Work item - Print only the lines below, from the very first to the one containing "2024 쿠팡플레이 시리즈 팀 K리그, 토트넘 , 뮌헨", exactly as they stand. Do not print pictures.

────

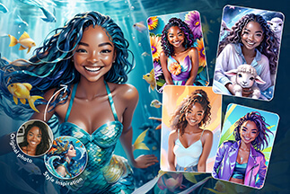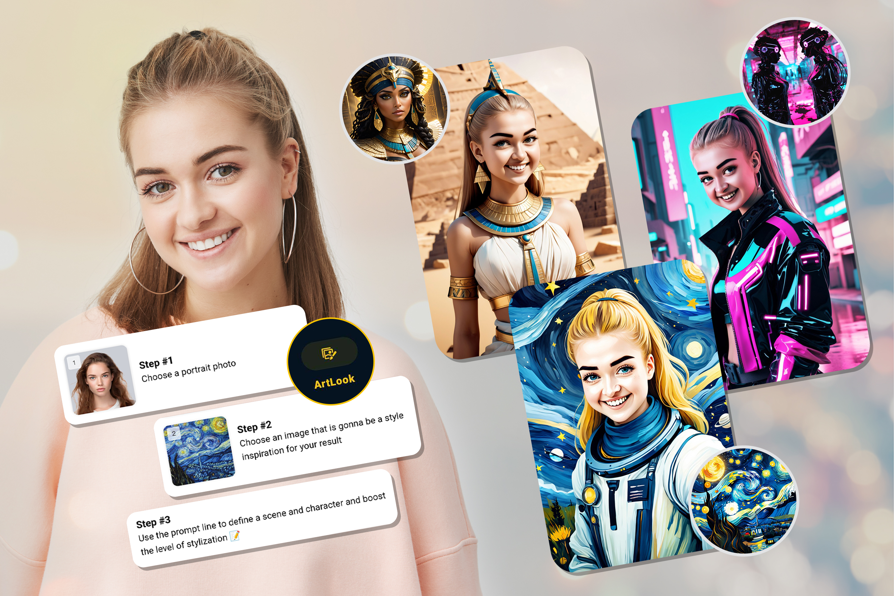 This artistic baby uses a mix of technologies called generative AI and style transfer. It takes the visual style from one image and blends it with portraits, creating completely new and unique pieces of art. Supports user-generated content via custom text prompts and uploaded images for style transfer. Who knew tech could be this artsy?
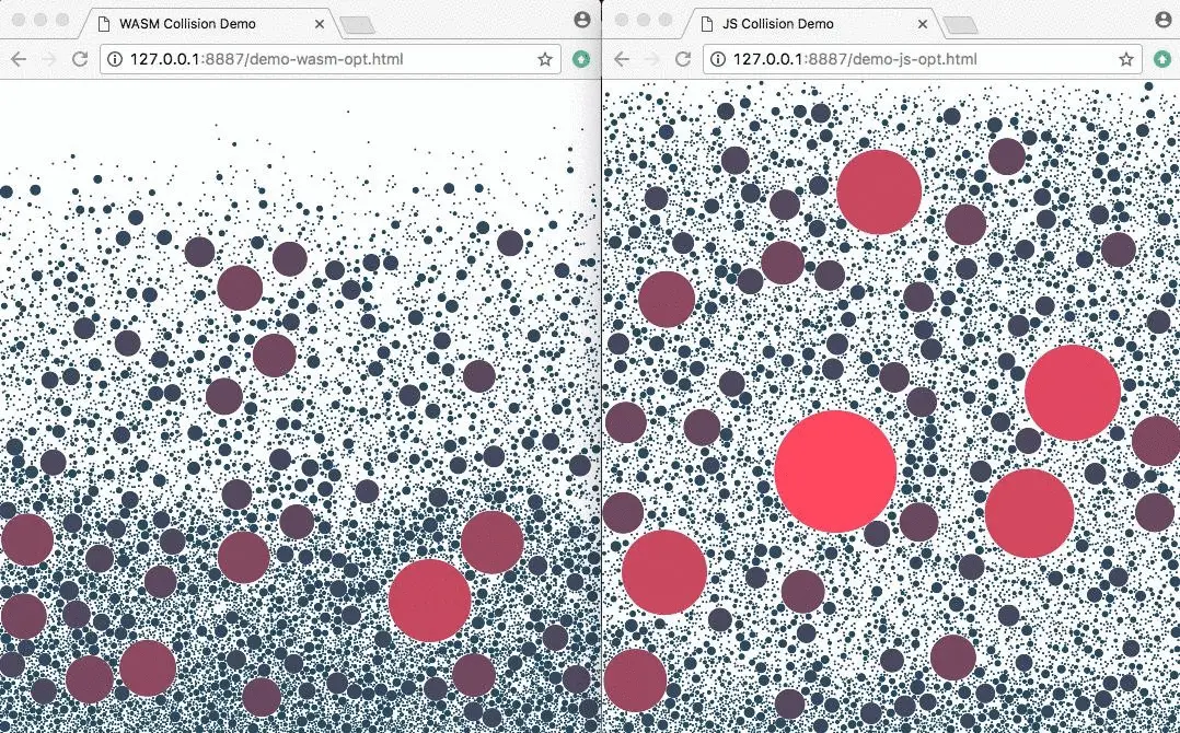 让我们再用个动图直观感受下WebAssembly与JavaScript的运行速度,相比之下WebAssembly确实快很多。如果想自己跑跑看或是看源码的开发者,可以移驾 Guy Bedford 的repo - Wasm Demo。
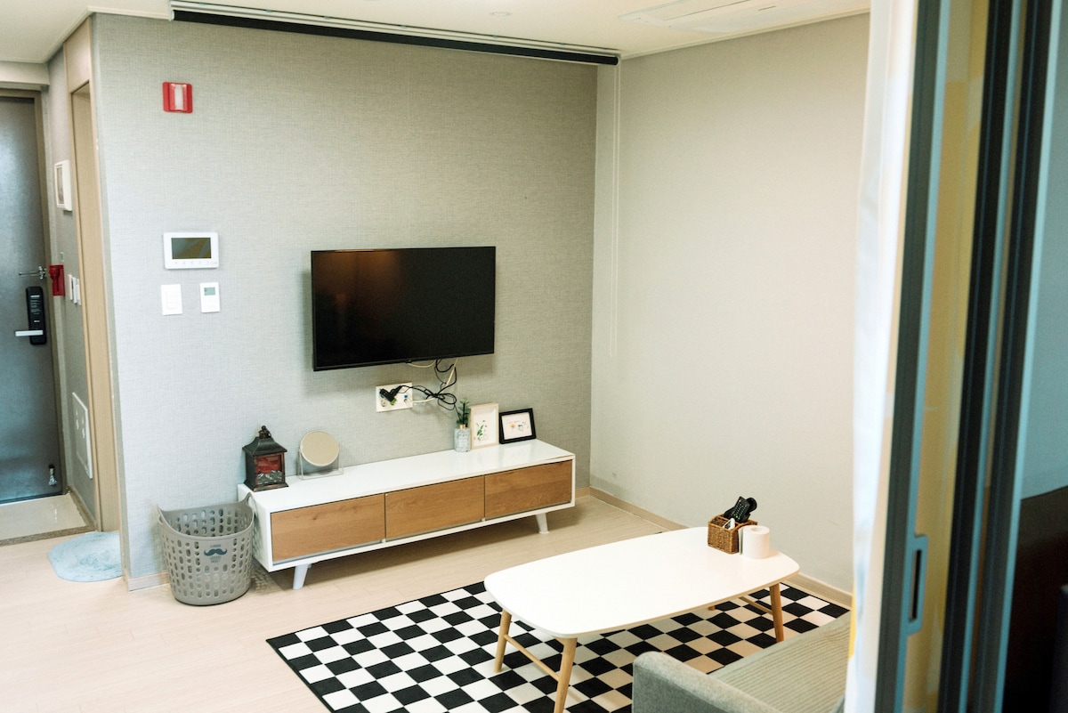 Nous accueillons les voyageurs à cœur ouvert.🌼 « Voyager nous garde seuls dans le présent, nous libère de nos soucis quotidiens, de nos regrets et de nos imbéciles. « Young-ha Kim_Why travel📚 Il s'agit d'un logement soigné et bien rangé à Cheongok-dong (centre-ville), Donghae-si. Il est géré par un couple vivant à Donghae City. Si vous êtes à la recherche d'un logement propre, veuillez réserver. Nous fournissons un hébergement confortable pour les familles, les couples, les amis et les voyageurs en solo. Si vous avez déjà une réservation à la date souhaitée, veuillez cliquer sur le profil et consulter les autres chambres que je gère ^ ^ Il y a des chambres avec des intérieurs et des structures différents dans le même bâtiment😊
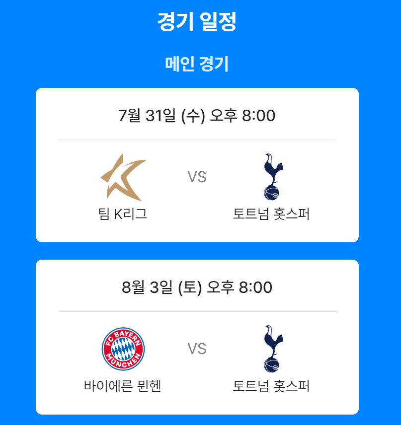2024 쿠팡플레이 시리즈 팀 K리그, 토트넘 , 뮌헨
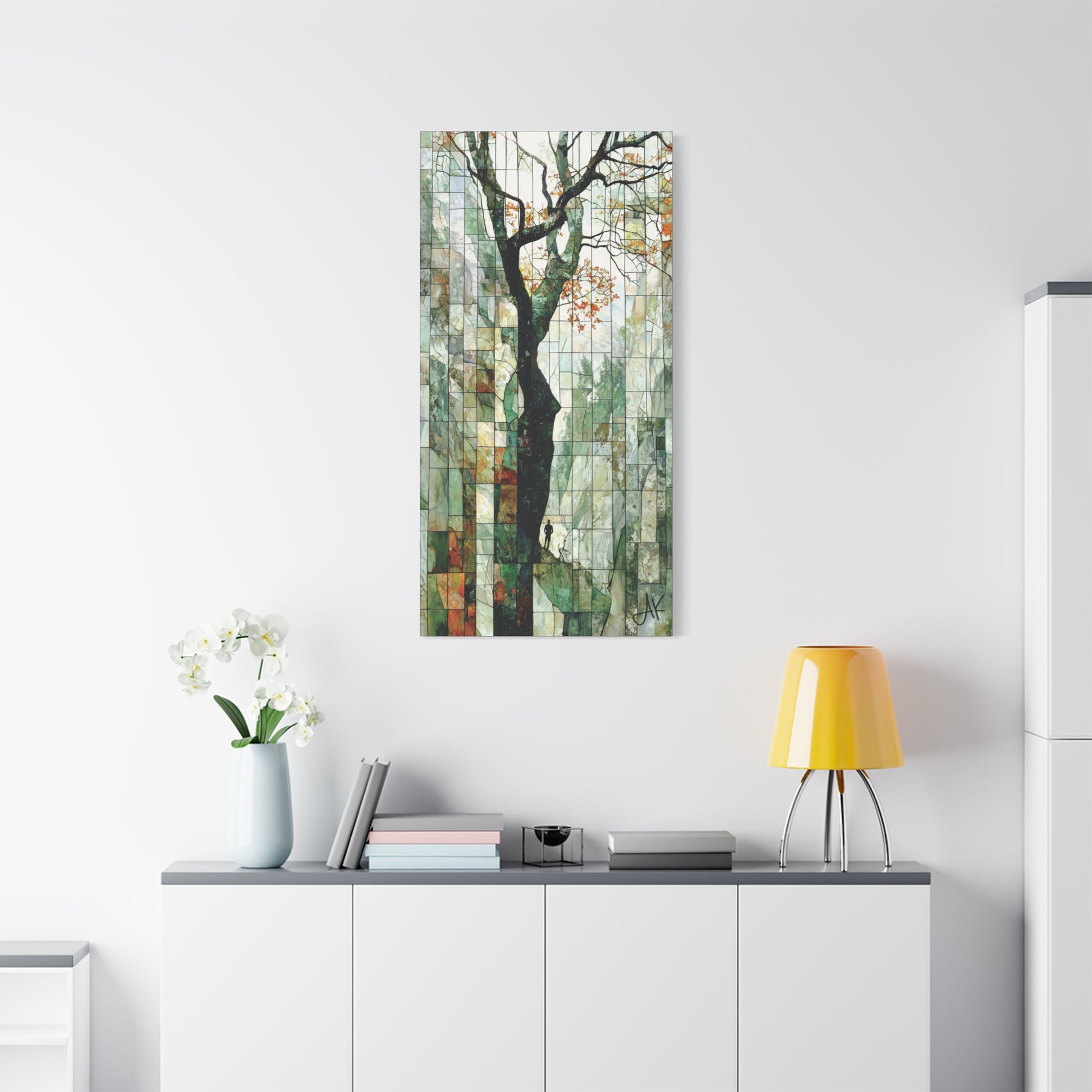 Stylistically, the work lives between stained glass window and abstract landscape. Fine black leading holds each panel in place, while painterly textures ripple across the surface like lichen on rock or light through leaves. The composition rises from the small, grounded figure at the bottom to the branching crown above, drawing the gaze upward in a single continuous movement. It’s a piece that rewards both distance and close inspection: from across the room it reads as a calm, vertical forest; up close it reveals a hidden figure, hairline fractures, and the delicate geometry of heartbreak and hope.
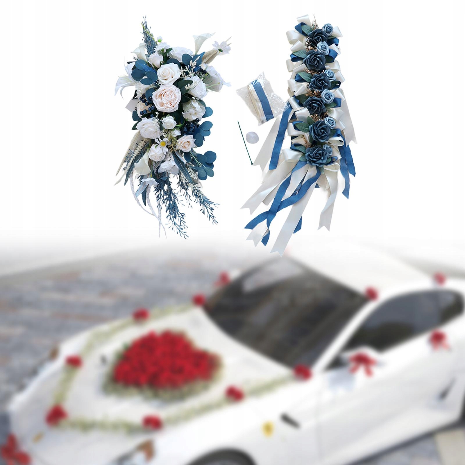 Набор украшений свадебных автомобилей и луков симуляция цветов Blue Wedding Car
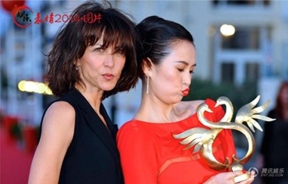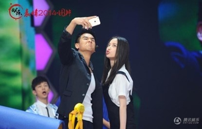 | Bành Vu Yến và Nghê Ni không ngại làm xấu khi chụp ảnh tự sướng tại sự kiện ngày 19/12/2014 tại Hồ Nam. |
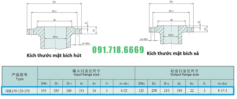 Kích thước mặt bích của bơm li tâm cánh hở đường thoát đầu vào ra Dn125 model IHK150-125-250
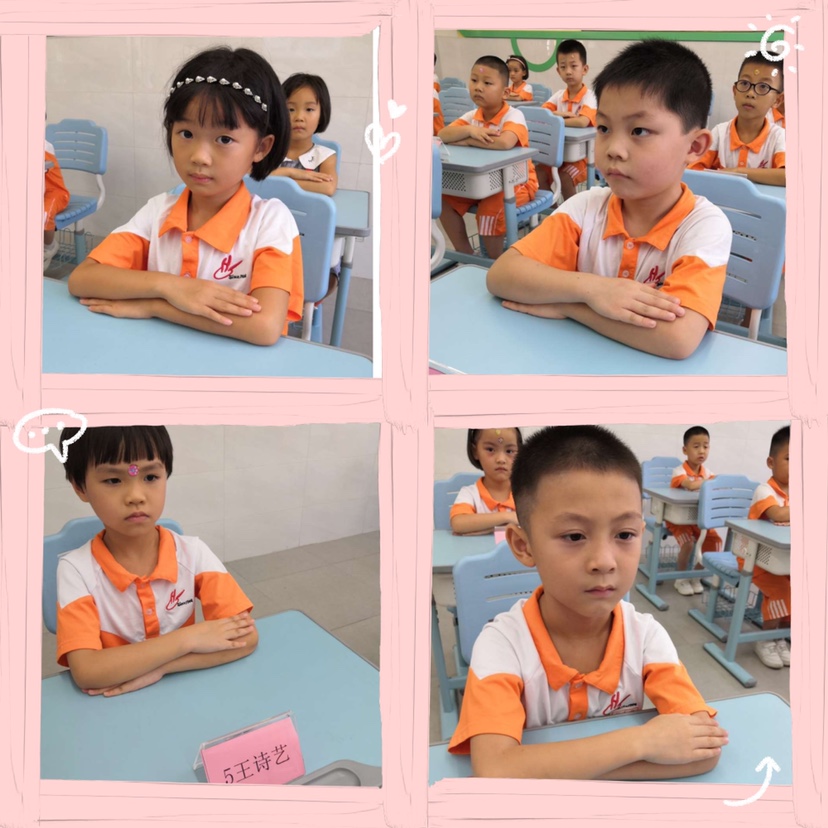 身坐直,脚放平,文具摆整齐,回答问题先举手,我是合格黄广娃!

────

Answer below -
 This artistic baby uses a mix of technologies called generative AI and style transfer. It takes the visual style from one image and blends it with portraits, creating completely new and unique pieces of art. Supports user-generated content via custom text prompts and uploaded images for style transfer. Who knew tech could be this artsy?
 让我们再用个动图直观感受下WebAssembly与JavaScript的运行速度,相比之下WebAssembly确实快很多。如果想自己跑跑看或是看源码的开发者,可以移驾 Guy Bedford 的repo - Wasm Demo。
 Nous accueillons les voyageurs à cœur ouvert.🌼 « Voyager nous garde seuls dans le présent, nous libère de nos soucis quotidiens, de nos regrets et de nos imbéciles. « Young-ha Kim_Why travel📚 Il s'agit d'un logement soigné et bien rangé à Cheongok-dong (centre-ville), Donghae-si. Il est géré par un couple vivant à Donghae City. Si vous êtes à la recherche d'un logement propre, veuillez réserver. Nous fournissons un hébergement confortable pour les familles, les couples, les amis et les voyageurs en solo. Si vous avez déjà une réservation à la date souhaitée, veuillez cliquer sur le profil et consulter les autres chambres que je gère ^ ^ Il y a des chambres avec des intérieurs et des structures différents dans le même bâtiment😊
2024 쿠팡플레이 시리즈 팀 K리그, 토트넘 , 뮌헨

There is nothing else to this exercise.